Typical combination waves are double 3s or triple 3s where a combination of zigzags or flats is joined together by an X wave. X waves are 3-wave corrective moves. The Rule of Alternation In its more general application, this rule holds that the market doesn’t act the same way two times in a row. If a certain type of top or bottom occurred the last time around, it will probably not do so again this time. The rule of alternation doesn’t tell us exactly what will happen, but tells us what probably won’t. in its more specific application, it is most generally used to tell us what type of corrective pattern to expect.

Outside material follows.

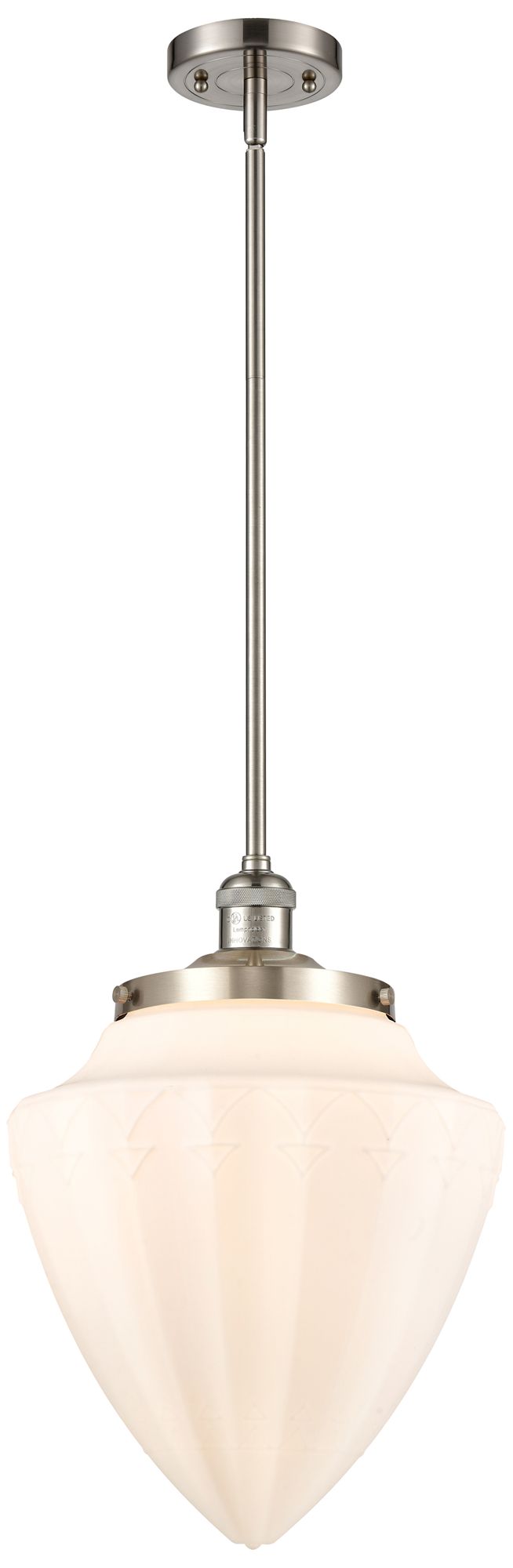 Bullet 12"W Brushed Satin Nickel Stem Hung Mini Pendant With White Sha

Corrective patterns tend to alternate. In other words, if corrective wave 2 was a simple a-b-c pattern, wave 4 will probably be a complex pattern such as triangle. Conversely, if wave 2 is complex, wave 4 will probably be simple. Fibonacci Numbers as the Basis of the Wave Principle Elliot stated in his work that the basis for his Wave Principle was the number sequence discovered by Leonardo Fibonacci in the 13th century. Fibonacci ratios are derived from the sequence of numbers and the most important one is of course the Golden Ratio which is 0. 18. The Golden ratio appears in many forms throughout the natural world and the importance of the Fibonacci ratios within stock analysis is very clear to see too.
One of the easiest places to see the Elliott Wave Principle at work is in the financial markets, where changing investor psychology is recorded in the form of price movements. If you can identify repeating patterns in prices, and figure out where we are in those repeating patterns today, you can predict where we are going. ” “Using the Elliott Wave Principle is an exercise in probability. An Elliottician is someone who is able to identify the markets structure and anticipate the most likely next move based on our position within those structures.

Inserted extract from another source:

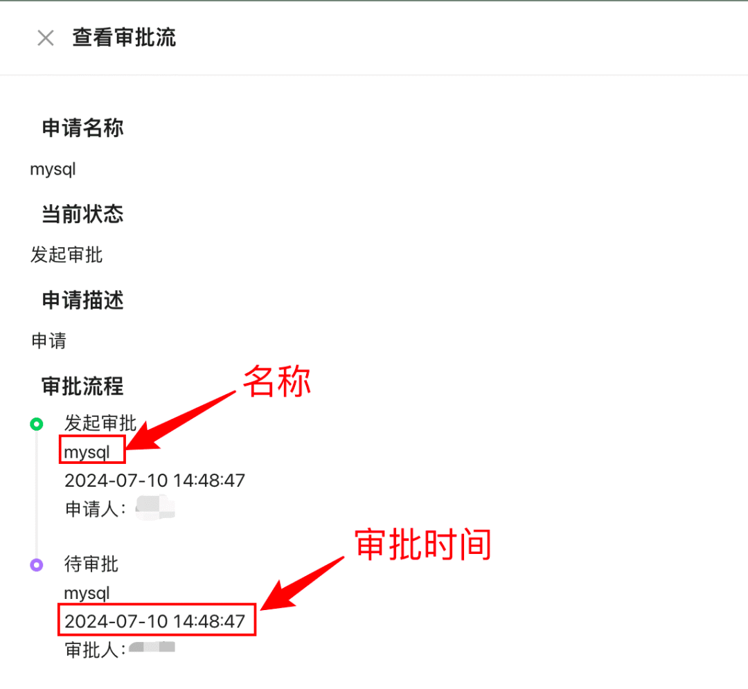 审批状态:显示当前审批请求的状态(例如:待审批、审批通过、审批拒绝)。

By knowing the wave patterns, you’ll know what the markets are likely to do next and (sometimes most importantly) what they will not do next. By using the Elliott Wave Principle, you identify the highest probable moves with the least risk. ” Below is shown the latest Elliot Wave analysis of the Dow Jones Industrial Average available on the Internet. Even though not very recent, the chart proves that the Elliot Wave Principle can be successfully applied to stock indexes and the rule of the eight waves holds.

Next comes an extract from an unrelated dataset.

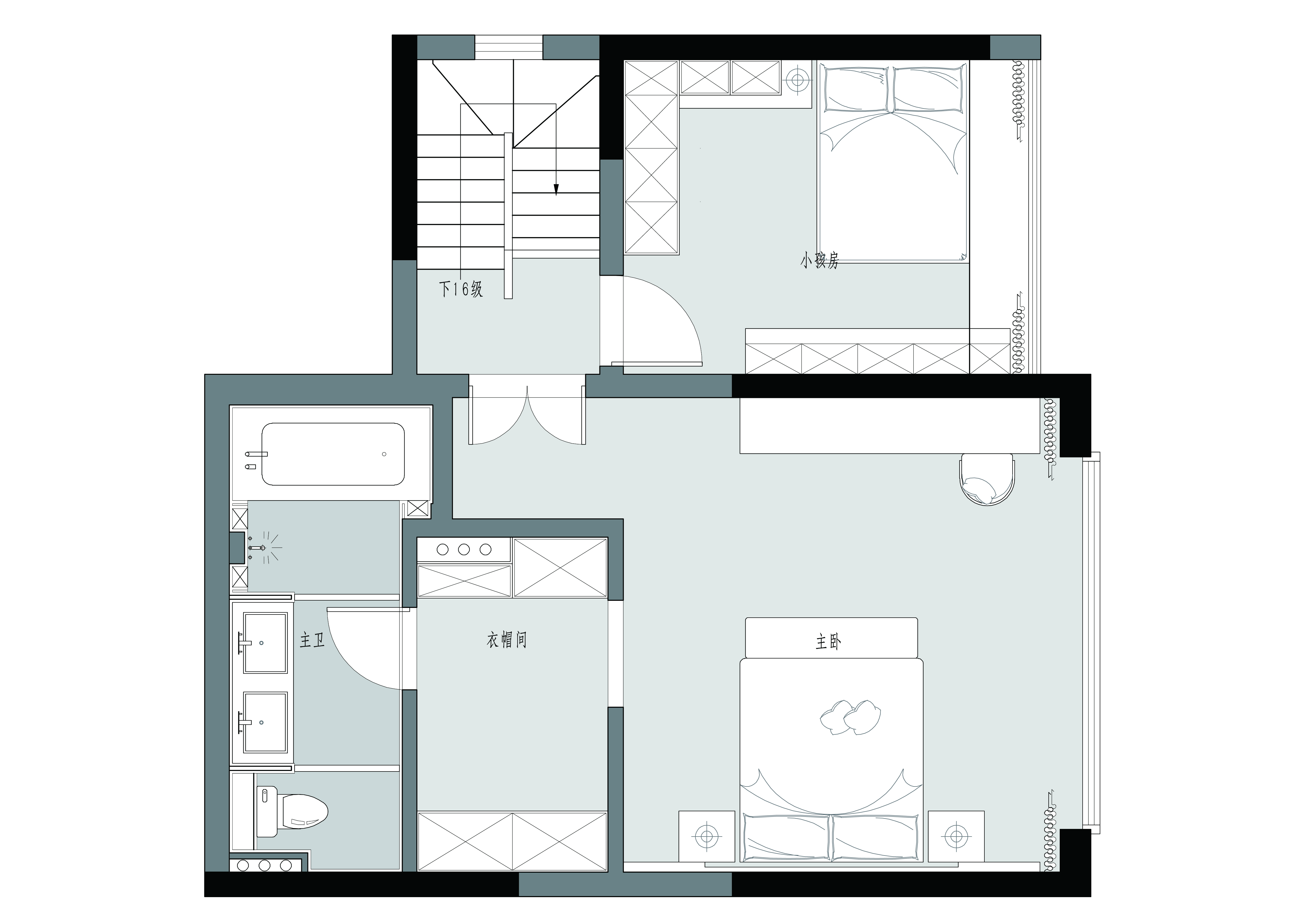空间布局:通过对空间功能的划分,使整个空间更加人性化,特别是采光和景观,通过规划,每个空间的光感和室外景观都一览无余,尽收眼底。

What can be inferred from the chart is that a further downward trend id to be expected as the chart finishes with the A wave of the greater degree. There are times when Elliot pictures are clear and times when they are not. Trying to force unclear market action into an Elliot format and ignoring other technical tools in the process is a misuse of the theory. The key is to view Elliot Wave Theory as a partial answer to the puzzle of market forecasting. Using it in conjunction with all other technical theories will increase its value and improve the chances of success. Conclusion
Technical analysis is a method of evaluating stock prices by relying on market data, such as charts of price and volume, to help predict future market trends. Investors who rely on technical analysts strive to accurately predict the future price of a stock by looking at its historical prices and other trading variables. Technical analysis hinges on the belief that psychology influences trading in a way that enables predicting when a stock will rise or fall. In fact, every trade has two parts — the security and its technical characteristics, and the trader himself/ herself.
After having mastered a few key concepts, exactly how to apply technical methods is a matter of personal preference. No one technical method is “right” — the right method is the one that consistently makes more money than it loses. To do that, the chosen method must match up with the trader’s risk profile and also be practical i. e possible to be executed.